La secrétaire au Trésor américain, Elizabeth Yellen, a mis en garde contre les facteurs de risque économique liés au fait de ne pas accorder la priorité à l'accès aux vaccins et à l'équité au-delà des frontières des États dignes d'intérêt. L'Organisation mondiale de la santé (OMS) a averti que les mutations constituent une menace existentielle pour l'immunité acquise antérieurement - la variante indienne est une source d'inquiétude au Royaume-Uni. Comme le notent les Centers for Disease Control and Infections (CDC) des États-Unis, les personnes entièrement vaccinées ne sont pas immunisées à 100 % contre le COVID-19. Des "variantes préoccupantes" pourraient rendre inefficace une immunité acquise antérieurement. Les États dignes d'intérêt, et en l'occurrence les États-Unis, sont sur le point de remporter une victoire à la Pyrrhus si les pays du "Bottom Billion" s'efforcent d'atténuer la menace posée par les nouvelles variantes.

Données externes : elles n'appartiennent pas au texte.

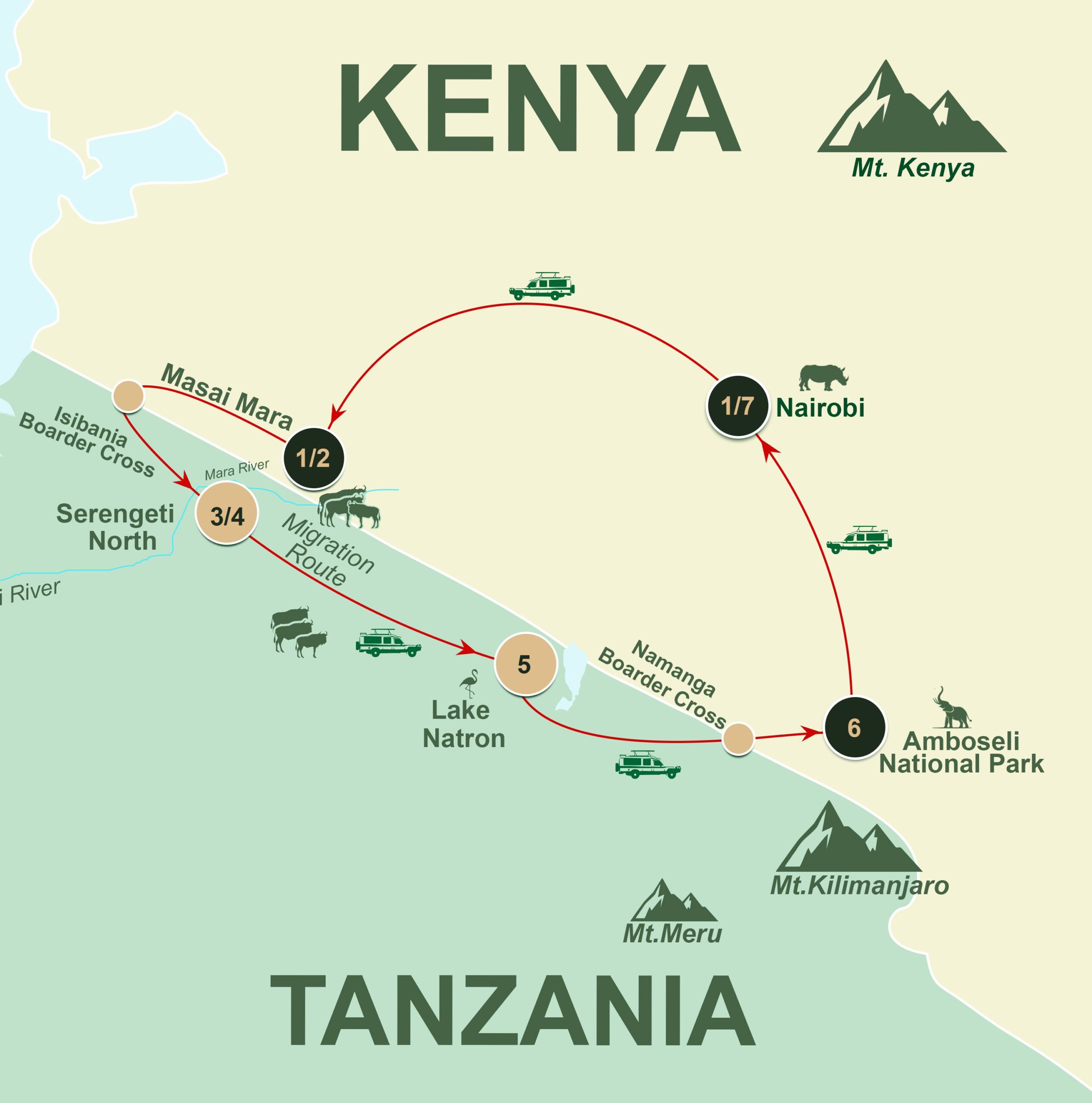 This immersive 7-day cross-border safari takes you deep into East Africa’s most iconic landscapes, from the predator-rich plains of Masai Mara to the remote wilderness of Lake Natron and the elephant-studded Amboseli. It’s a seamless blend of big game encounters, dramatic migration scenes, and scenic diversity.

On pourrait comparer cette situation à une ceinture de sécurité mal attachée : elle est lâche et risquée.

À cet égard, les décideurs politiques devraient envisager l'accès aux vaccins et l'équité dans une optique cosmopolite. Par exemple, les États-Unis ont vacciné un nombre important de leur population et disposent de stocks de doses de vaccins. Compte tenu de l'étape susmentionnée, les États-Unis ont-ils les moyens de passer à ce que j'appelle la "diplomatie de l'ultra-vaccin" ? La réponse est affirmative !

La décision de l'administration Biden de faire don de 60 millions de doses d'AstraZeneca est une goutte d'eau dans l'océan, et le soutien des États-Unis à la dérogation à la propriété intellectuelle des vaccins ne stimule pas nécessairement la production mondiale de vaccins. Ces mesures significatives mais minimes ne sont pas d'une portée suffisante - nous pourrions les qualifier de "diplomatie vaccinale légère" - pour bouleverser la dynamique de l'accès aux vaccins et de l'équité au niveau mondial. Au mieux, les États-Unis commencent à semer les graines d'un"nationalismeultra-vaccinal" qui peut ou non germer.

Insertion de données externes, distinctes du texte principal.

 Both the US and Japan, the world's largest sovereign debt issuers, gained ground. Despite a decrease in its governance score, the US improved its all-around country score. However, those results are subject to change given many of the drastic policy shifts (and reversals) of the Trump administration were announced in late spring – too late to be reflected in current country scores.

L'administration Biden devrait rallier les acteurs de l'industrie pharmaceutique à la renonciation à la propriété intellectuelle afin d'accélérer la production mondiale, bien que certains experts et géants pharmaceutiques affirment que cette renonciation est un frein à l'invention et à l'innovation. Les décideurs politiques américains doivent repenser les implications éthiques de la vaccination des enfants âgés de 12 à 15 ans - après avoirvacciné une masse critique de sa population adulte, tout en disposant de doses tampons - alors que certains pays plus pauvres n'ont pas encore reçu une seule dose de vaccin.

Centrer l'accès aux vaccins dans l'engagement mondial des États-Unis est l'intervention humanitaire la plus importante qui devrait pousser les États-Unis vers une"diplomatieultra-vaccinale". Réputés pour leurs innovations technologiques, leurs inventions pharmaceutiques et leur leadership empathique, les États-Unis devraient adopter une éthique cosmopolite lorsqu'ils possèdent les moyens de faire de l'accès aux vaccins pour les populations vulnérables au-delà de leurs frontières une réalité. Ces actions ajoutent une véritable couche à la marque de soft power des États-Unis pour renforcer leur statut d'allié bienveillant par opposition au leadership transactionnel de la Chine.

Samuel Owusu-Antwi est étudiant en doctorat au Legon Center for International Affairs and Diplomacy (LECIAD), à l'université du Ghana. Les opinions exprimées ne reflètent pas nécessairement celles de Carnegie Council.